TASK => Below is a listing to copy exactly; no image goes into the copy.

RECORDED DATA =>
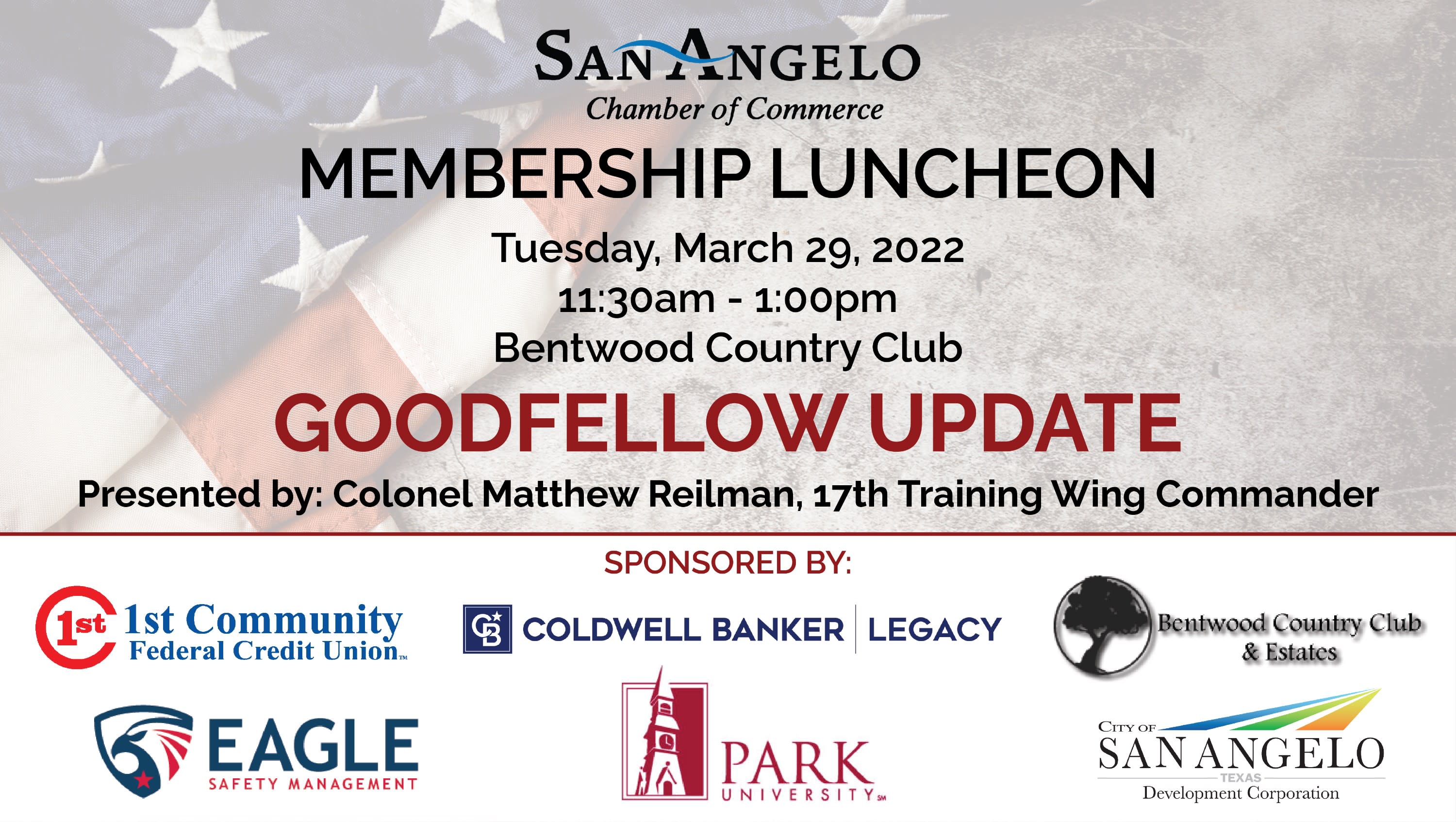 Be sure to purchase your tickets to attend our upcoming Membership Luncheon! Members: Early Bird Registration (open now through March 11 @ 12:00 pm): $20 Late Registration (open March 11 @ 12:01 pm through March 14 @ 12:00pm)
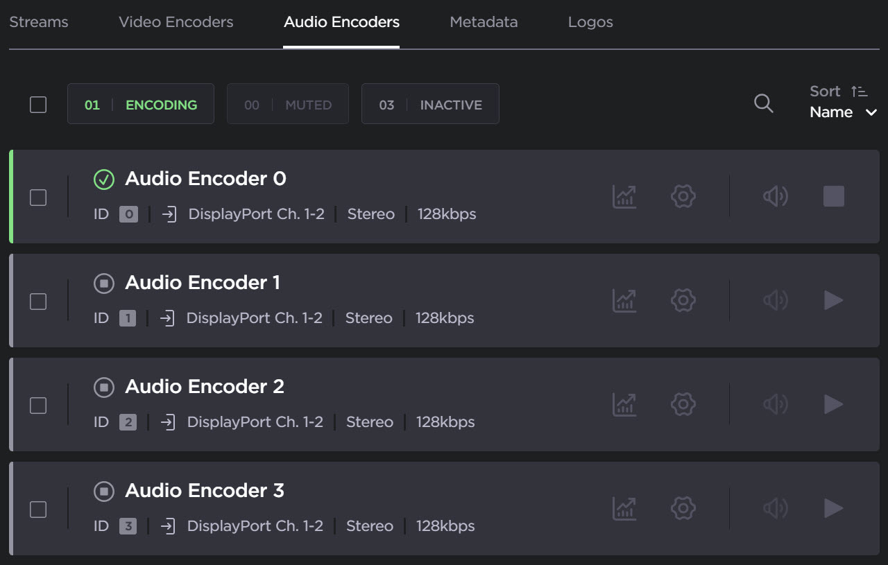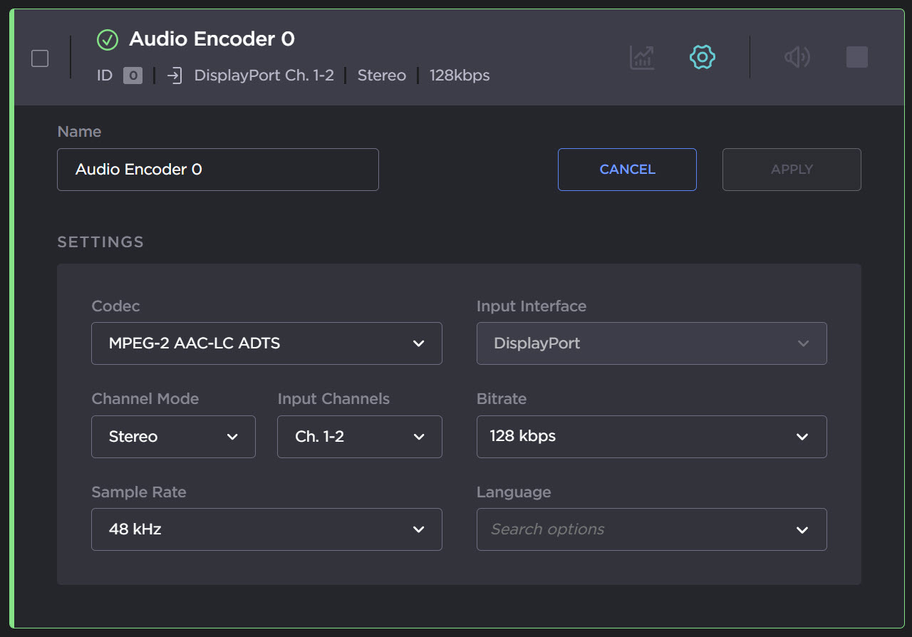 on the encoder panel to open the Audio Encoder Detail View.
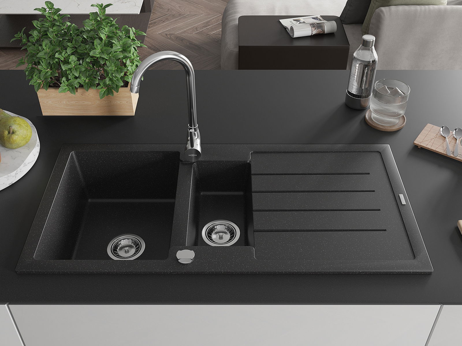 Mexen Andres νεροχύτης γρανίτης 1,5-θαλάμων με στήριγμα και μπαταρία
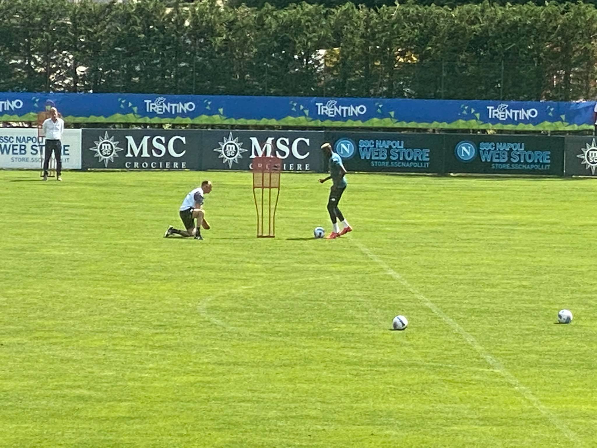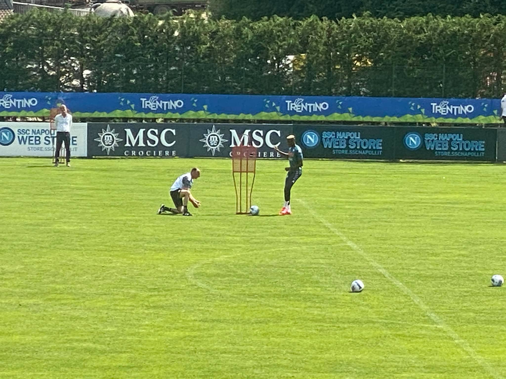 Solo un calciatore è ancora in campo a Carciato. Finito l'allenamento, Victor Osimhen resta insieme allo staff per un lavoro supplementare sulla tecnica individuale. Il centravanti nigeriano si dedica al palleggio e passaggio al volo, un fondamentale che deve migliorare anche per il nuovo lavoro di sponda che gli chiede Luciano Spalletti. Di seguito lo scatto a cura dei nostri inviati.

EXERCISE RESULT =>
 Be sure to purchase your tickets to attend our upcoming Membership Luncheon! Members: Early Bird Registration (open now through March 11 @ 12:00 pm): $20 Late Registration (open March 11 @ 12:01 pm through March 14 @ 12:00pm)
 on the encoder panel to open the Audio Encoder Detail View.
 Mexen Andres νεροχύτης γρανίτης 1,5-θαλάμων με στήριγμα και μπαταρία
 Solo un calciatore è ancora in campo a Carciato. Finito l'allenamento, Victor Osimhen resta insieme allo staff per un lavoro supplementare sulla tecnica individuale. Il centravanti nigeriano si dedica al palleggio e passaggio al volo, un fondamentale che deve migliorare anche per il nuovo lavoro di sponda che gli chiede Luciano Spalletti. Di seguito lo scatto a cura dei nostri inviati.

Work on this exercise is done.